Hanif membuat program jadwal sholat otomatis dalam bentuk jam digital menggunakan LED Display. Mungkin bagi orang awam tampak biasa saja ketika melihat produknya. Tetapi aku menjadi saksi bagaimana Hanif memulai, risetnya, datanya, rumusnya, frustrasinya, kemudian muncul ide-idenya. Semua dikerjakan sendiri. Oleh anak SMP Kelas Dua. Jam digital yang sangat costumize sesuai dengan kebutuhan pemakai. Mulai dari versi awal hingga beberapa variasi dan ukuran. 

"Ternyata sulit ya bikin seperti itu" kataku kepada suami.

"Ya iyalah. Programming itu rumit. Orang kebanyakan tinggal pakai saja "

" Jadi biasanya tugas bapak apa?"

" Aku yang bagian merakit alat saja dan ngasih usulan ke Hanif tentang kelengkapan fitur. Masukan dari para customer. Dia yang mikir "

Ya, saat itu suami sudah membuatkan toko online untuk memasarkan produk jam digital yang diberi nama Jam Digital Walasri. Beberapa pembeli offline dari para kenalan pun mulai berdatangan.

" Sampeyan bilang kalau itu bikinan Hanif?"

" Mmm, ada sih beberapa yang aku kasih tahu. Terutama yang kenalan dekat. Kebanyakan mereka percaya itu buatanku. Takut mereka meremehkan lebih dulu kalau aku bilang itu buatan anak SMP "

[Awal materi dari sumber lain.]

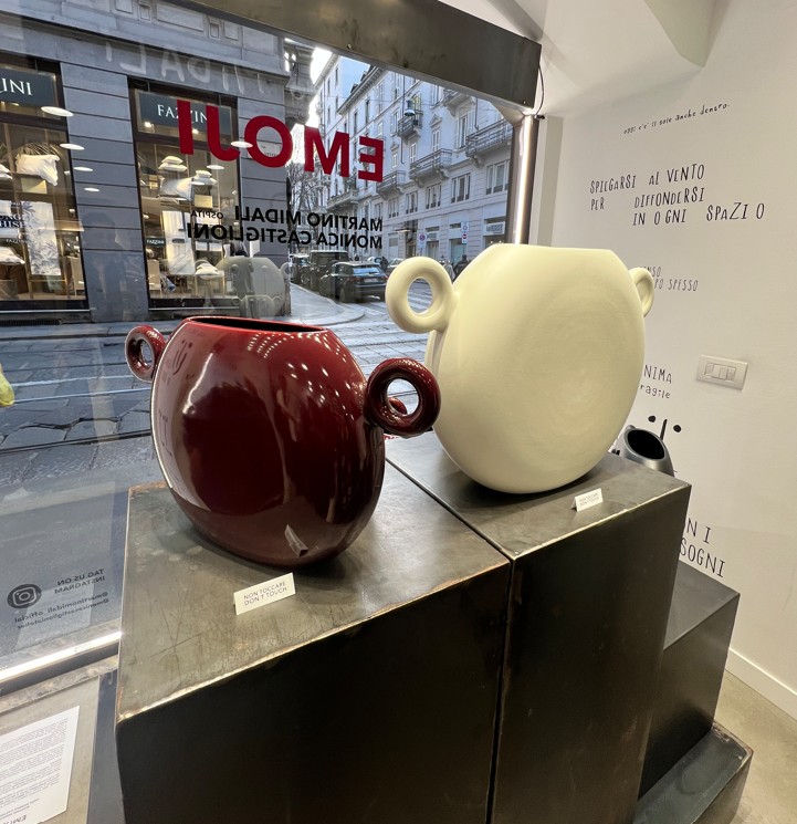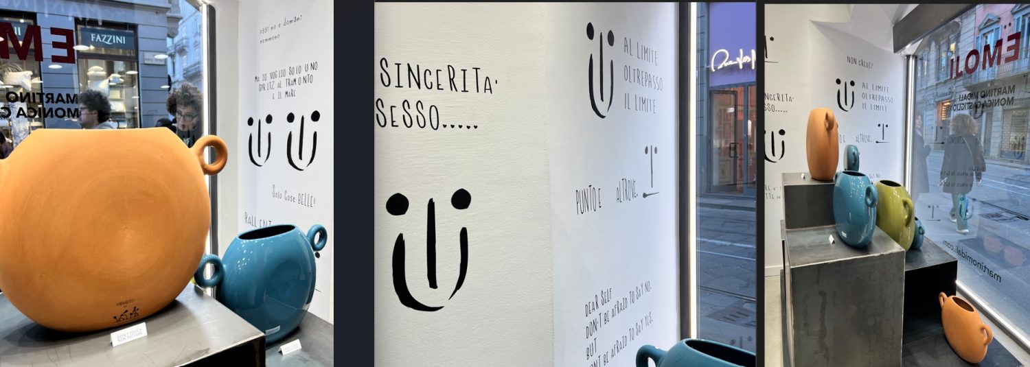 Un dialogo tra forme e sentimenti che trova nella materia il suo trait d’union e che si concretizza, nella vetrina della boutique, in due creazioni in ceramica che reinterpretano l’essenza classica del vaso inteso come custode di emozioni. Lory e Lino sono caratterizzati dalle fattezze delle più classiche emoji – il primo sorridente e gioioso, il secondo più serio e riflessivo – e invitano lo spettatore, con l’essenzialità delle loro espressioni, a una riflessione profonda sulle proprie emozioni, trasformandosi da semplici elementi decorativi a centro di un’esperienza narrativa e sensoriale unica.

(Salah satu toko online untuk memasarkan karya Hanif)


Ratusan terjual, mulai Hanif masih SMP hingga kuliah, toko masih berjalan terus. Pernah pada satu Ramadhan sebelum pandemi tahun 2020, penjualan selama satu bulan mencapai keuntungan hingga 30 juta rupiah. Pesanan yang setiap hari masuk, membuat suami harus mempekerjakan pegawai untuk proses produksi hingga packing. 

Beberapa pekerja media tergelitik untuk mengangkat berita tentang Hanif.
 


  

                                                                        (Beberapa Publikasi Media Online)

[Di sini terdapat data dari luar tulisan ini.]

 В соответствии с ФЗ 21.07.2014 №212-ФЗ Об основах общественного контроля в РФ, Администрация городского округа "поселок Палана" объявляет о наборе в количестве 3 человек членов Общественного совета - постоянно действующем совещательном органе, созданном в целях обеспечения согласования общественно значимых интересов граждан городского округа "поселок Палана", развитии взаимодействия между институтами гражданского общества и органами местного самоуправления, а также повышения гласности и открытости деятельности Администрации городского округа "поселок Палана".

(Tayangan di Televisi Nasional)


Hasil penjualan karya itulah yang kemudian menjadi penunjang biaya Hanif masuk kuliah hingga menjelang lulus. Dia sudah membiayai dirinya sendiri. 

Tepat di Bulan Maret 2018, satu hari setelah menerima KTP di usia tujuh belas tahun, Hanif membuka rekening pendaftaran haji dan mendapatkan nomor porsi. Semua dari hasil penjualan karyanya. 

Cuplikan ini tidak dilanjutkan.